So, after a six-month hiatus we have returned and much has changed. Writing this as we enter a second national lockdown in the UK seems surreal but we hope that this issue finds you in a robust mood, ready to do business for your clients and able to challenge the hysteria peddled by the mainstream media as much as possible.
As Covid-19 took hold, every business changed irreversibly and Legal Business was no exception. Over the Spring and Summer months, a number of highly respected and much-loved colleagues moved on, including editor-in-chief since 2013 Alex Novarese, who has embarked upon the next stage of his career. I would like to personally thank Alex not only for his outstanding achievements with this title over the past seven plus years but also for being an amazing mentor and friend.
However, we are back, ready to face the challenges ahead with the excellent support of all our colleagues across The Legal 500, the GC Powerlist series and throughout Legalease. As our LB100 report shows, with gross revenues climbing nicely, many firms throughout the UK are showing remarkable resilience amid a global pandemic and are taking a sensible approach to profit distributions and staffing while avoiding knee-jerk reactions in what promises to be an even tougher 2020/21. As Travers Smith’s senior partner Kathleen Russ says: ‘We are determined to see this as a long-term issue and are not taking short-term measures or cutting costs.’
And that theme of doing the right thing is pervasive – especially in these most testing of times. Typically we have a reception every year to mark the launch of the GC Powerlist UK at the Legal Business Awards in March but of course this could not happen. Instead, we hosted four webinars with headline sponsor Pinsent Masons throughout October that featured leading in-house advisers from this year’s report, The Change Agenda.

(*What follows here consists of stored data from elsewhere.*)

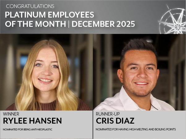 The Platinum of the Month award is a testament to the outstanding individuals who embody the core values of FOCUS. Please congratulate the December 2025 PLATINUM of the month employees!   Winner: Rylee Hansen Nominated by: Christian Broberg I am nominating Rylee for being ANTI-NEOPLASTIC, though she exhibits many PLATINUM characteristics on a consistent basis. […]
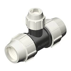 The Plasson 32mm to 25mm Reducing 90 Degree Tee (7340) is a high quality fitting for PE pipes, developed and manufactured by Plasson Flow Solutions.
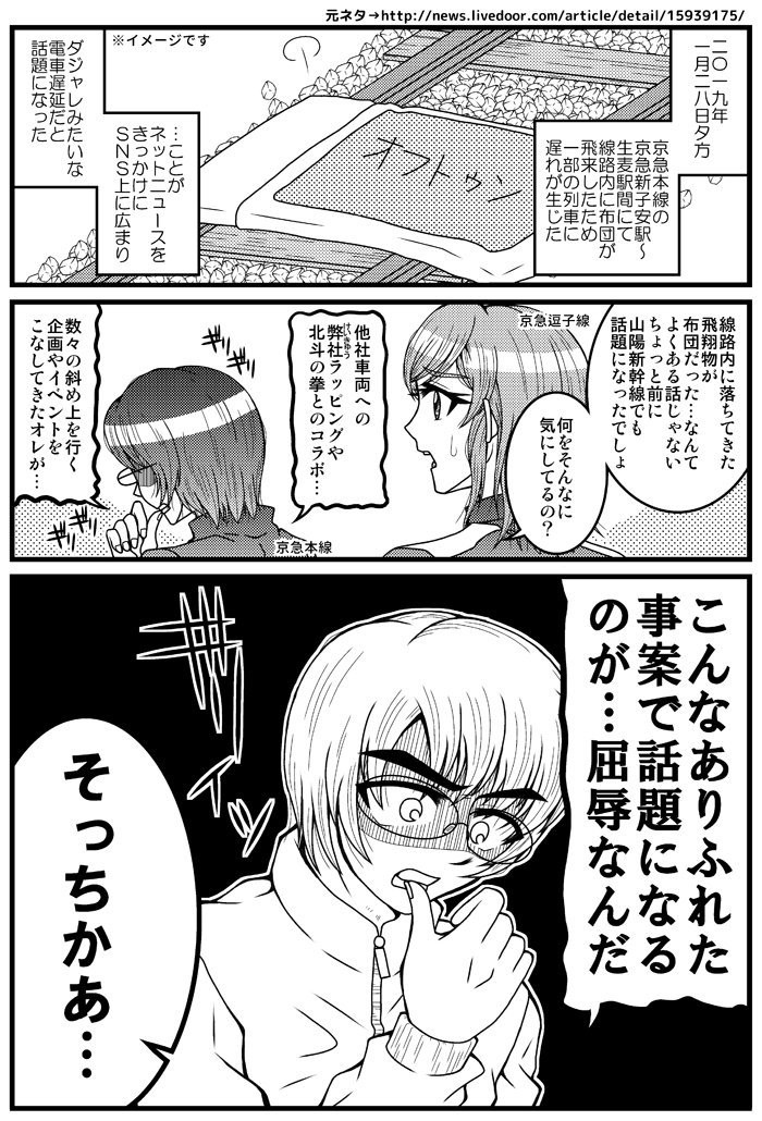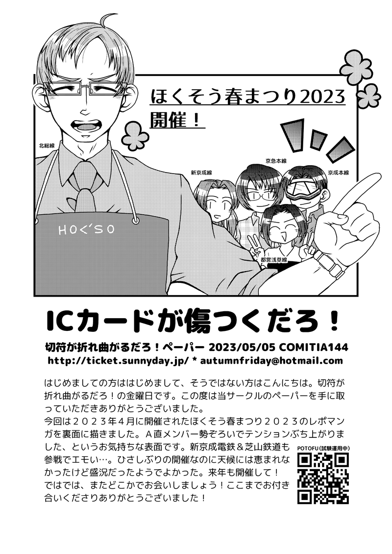 【お知らせ】【鉄道擬人化】サイトを更新しました。ILLUSTに過去に描いたマンガとかペーパーをUPしました。OFFLINEとブログは昨年のイベントのお礼や在庫状況、今後の参加予定など。お礼イラストはいつものようにHSです。 ▼サイト ticket.sunnyday.jp ▼ブログ donotcurveticket.blog.shinobi.jp/Entry/436/
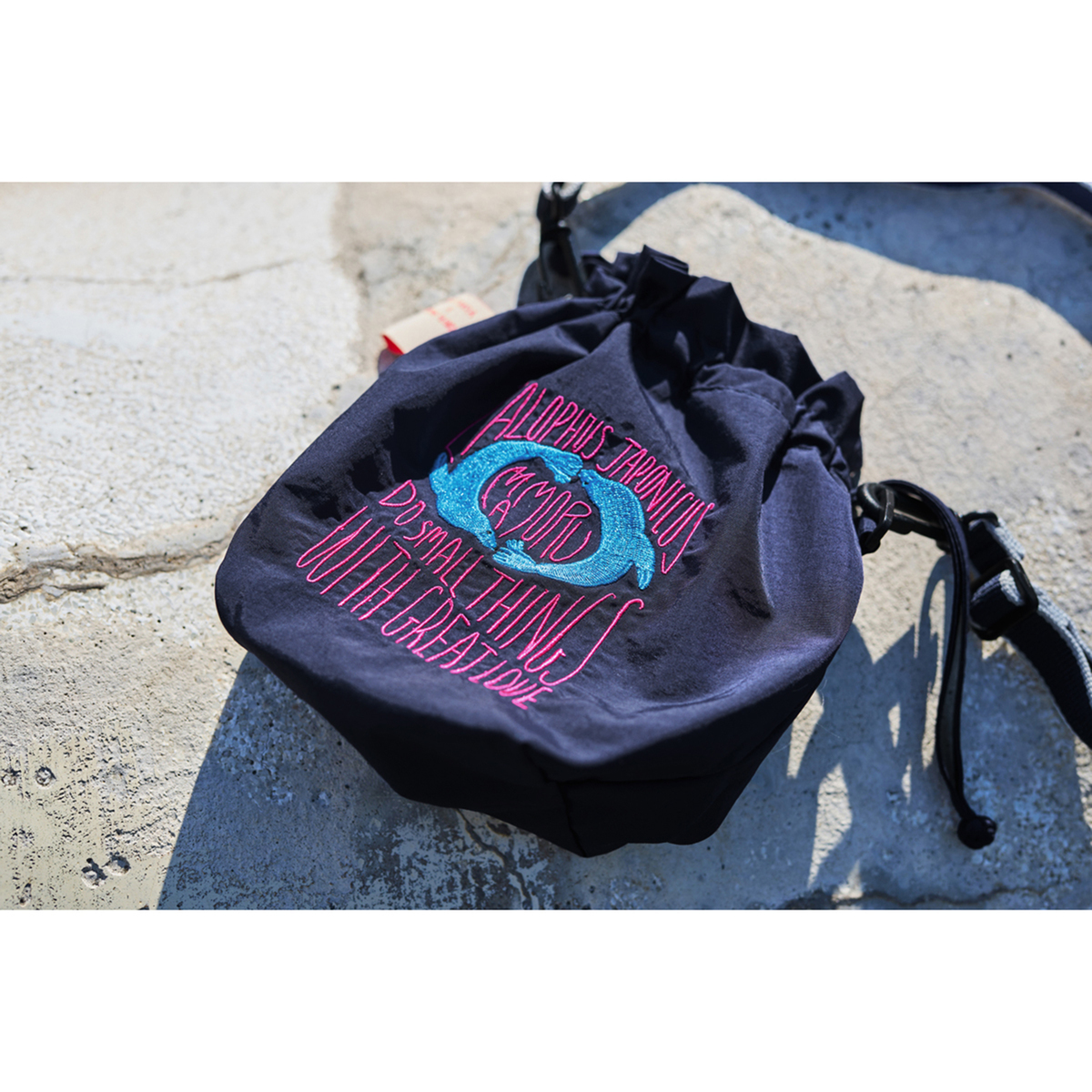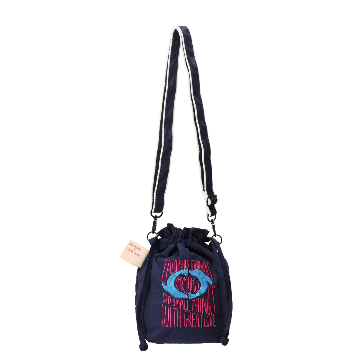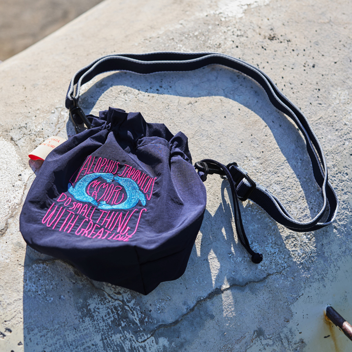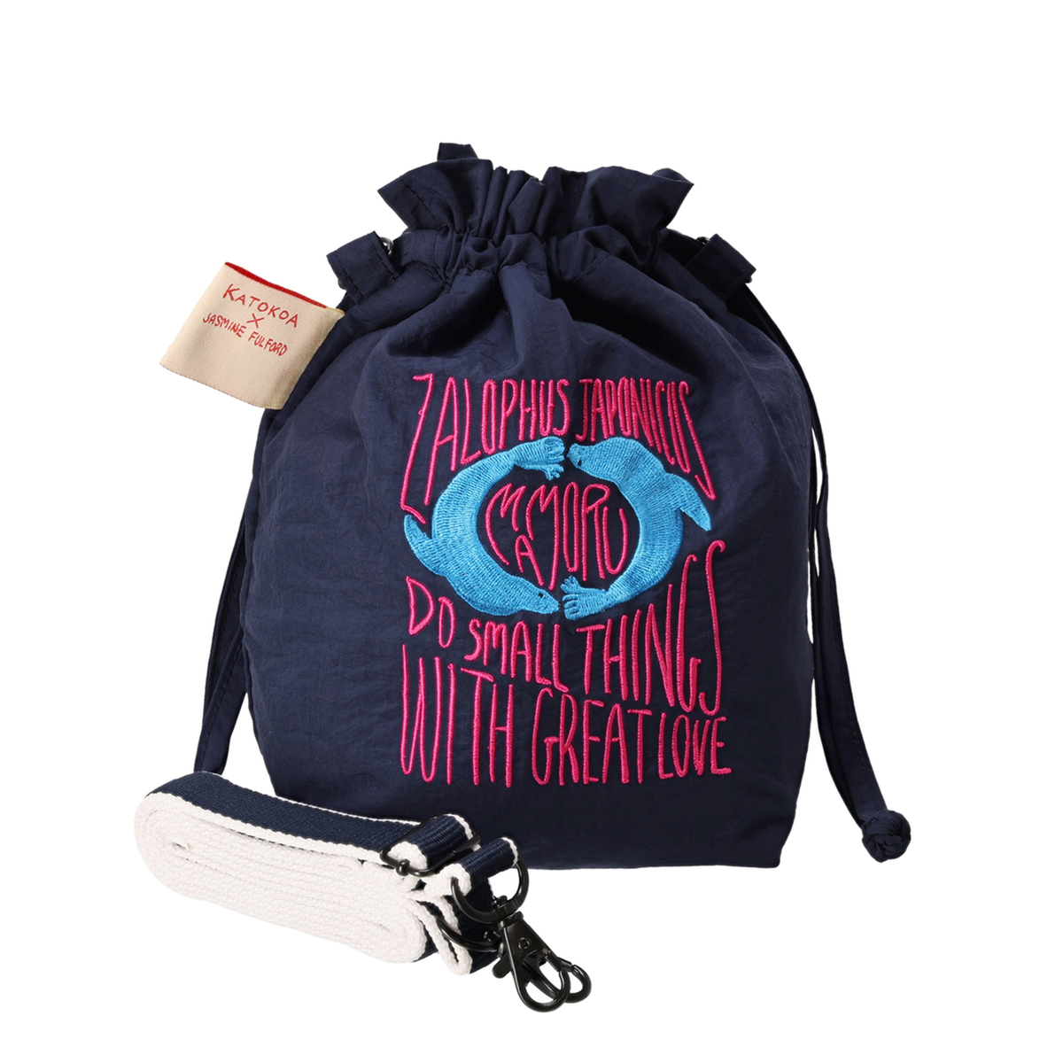 絶滅危惧「1」A類(CR) 剥製さえも世界で10体ほどしか残っていないニホンアシカを刺繍であしらった巾着ポーチ。デザインを通じて絶滅のおそれのある日本の生きものを紹介するブランド「KATOKOA mamoru」のアイテムです
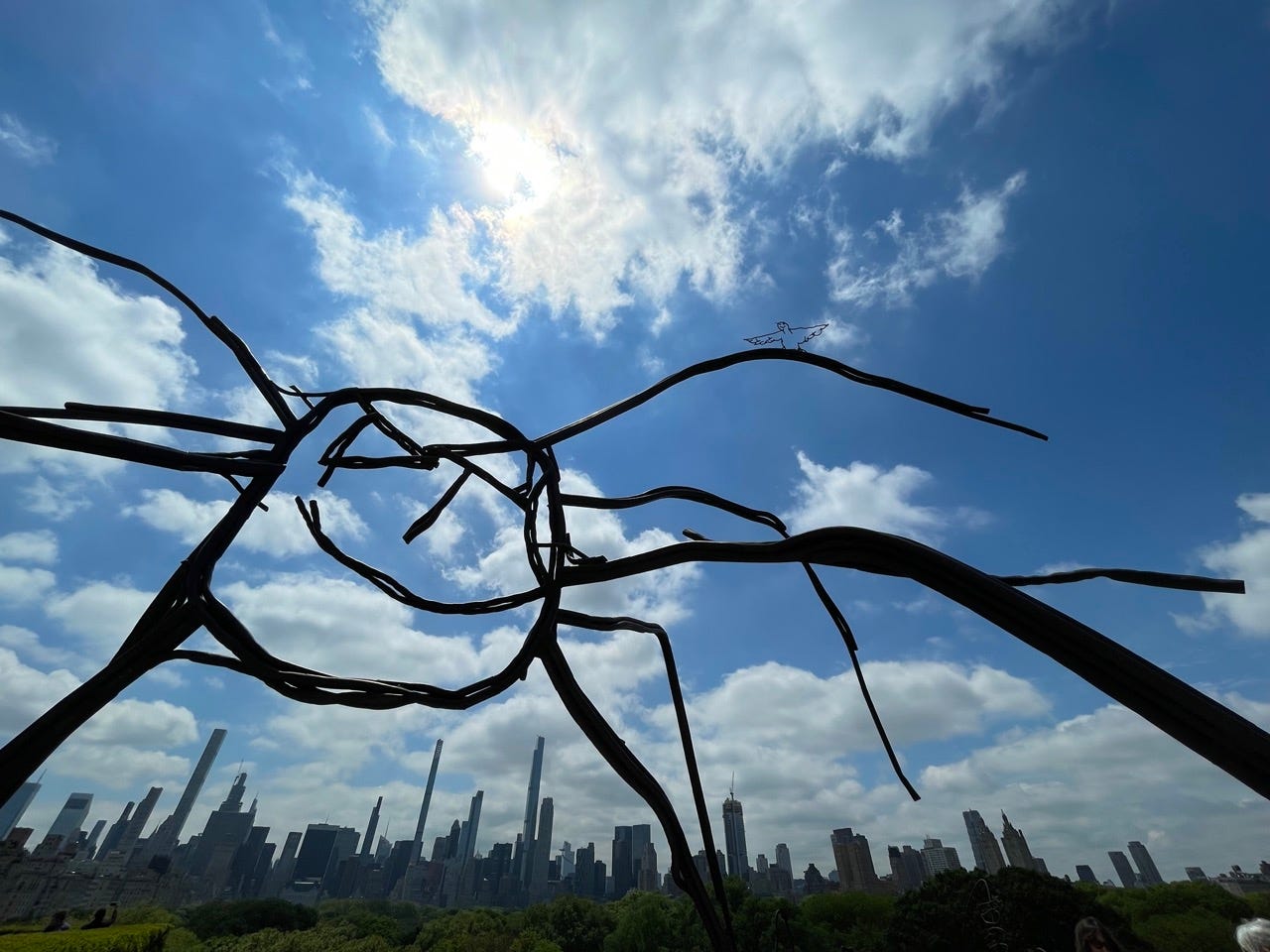 From one angle a flower blooms over Central Park, and from another into a piercing blue sky.
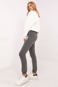 Women's casual sweatpants, perfect for everyday activities and relaxation. Made of a pleasant to the touch blend of cotton and elastane, providing comfort, flexibility and durability of the material. The pants have a high waist and a tie at the waist, allowing for a perfect fit to the silhouette. Cuffs on the legs give them a modern look and additionally increase the comfort of use. Side pockets are practical and allow for storing small items. The smooth fabric is complemented by subtle embroidery on the front, which adds style and uniqueness. These are perfect pants for women who appreciate comfort, functionality and trendy design all in one!
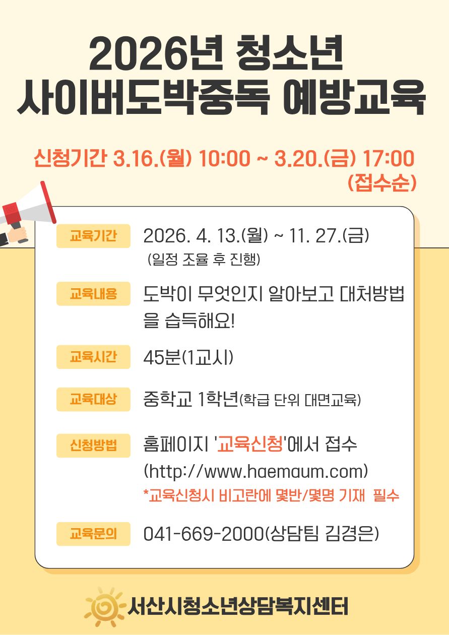 [Á¢¼öÁß]2026³â û¼Ò³â »çÀ̹öµµ¹ÚÁßµ¶ ¿¹¹æ±³À° ¾È³»(ÁßÇб³ 1Çгâ)
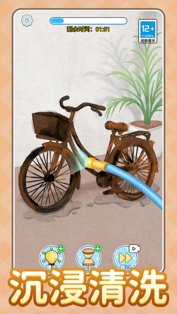 3、请拿起工具,尽情的进行冲洗,游戏非常重口味,让人欲罢不能,注意下方有各种道具提示可选择;
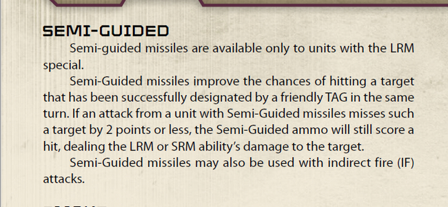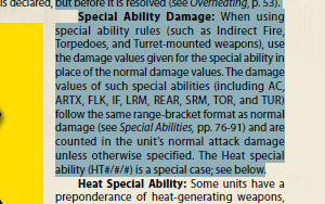 AC/LRM/SRM (или по русски АП/РБД/РМД - автопушка/ракеты большой дальности/ракеты малой дальности): В отличие от старых правил, где эти способности были альтернативной атакой, заменяющей основную, в новых правилах теперь являются частью атаки, а в описание самой способности указано только возможность использовать спецбоеприпасы:
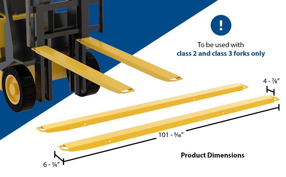 HOW TO USE / INSTALLATION Insert loop at the tip of the fork and slide it up at a 45 degree angle then lay it down over the existing fork. To be used with class 2 and class 3 forks only. Over 40% Lighter Than Standard Extensions!
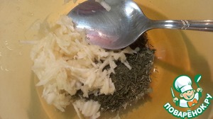 Чеснок потереть на мелкой терке, добавить сухие травки (у меня укроп и петрушка).

What emerged from those discussions is just how focused general counsel are even now on doing the right thing – at a time when you might expect attention to be purely on keeping the lights switched on for many businesses. GCs and company secretaries are reminding their boards of the importance of sustainability, good corporate governance, and ethics in everything they do and making sure that they walk the walk on these issues, while setting the highest standards themselves as an example to their businesses and their external advisers. Reaction from German GCs to Freshfields Bruckhaus Deringer’s involvement in the cum-ex tax scandal in our report is further evidence of this.
Whatever happens over the next 12 months, business is never returning to the way it used to be done. Change is top of the agenda and the profession has the opportunity to reset for the greater good of all concerned.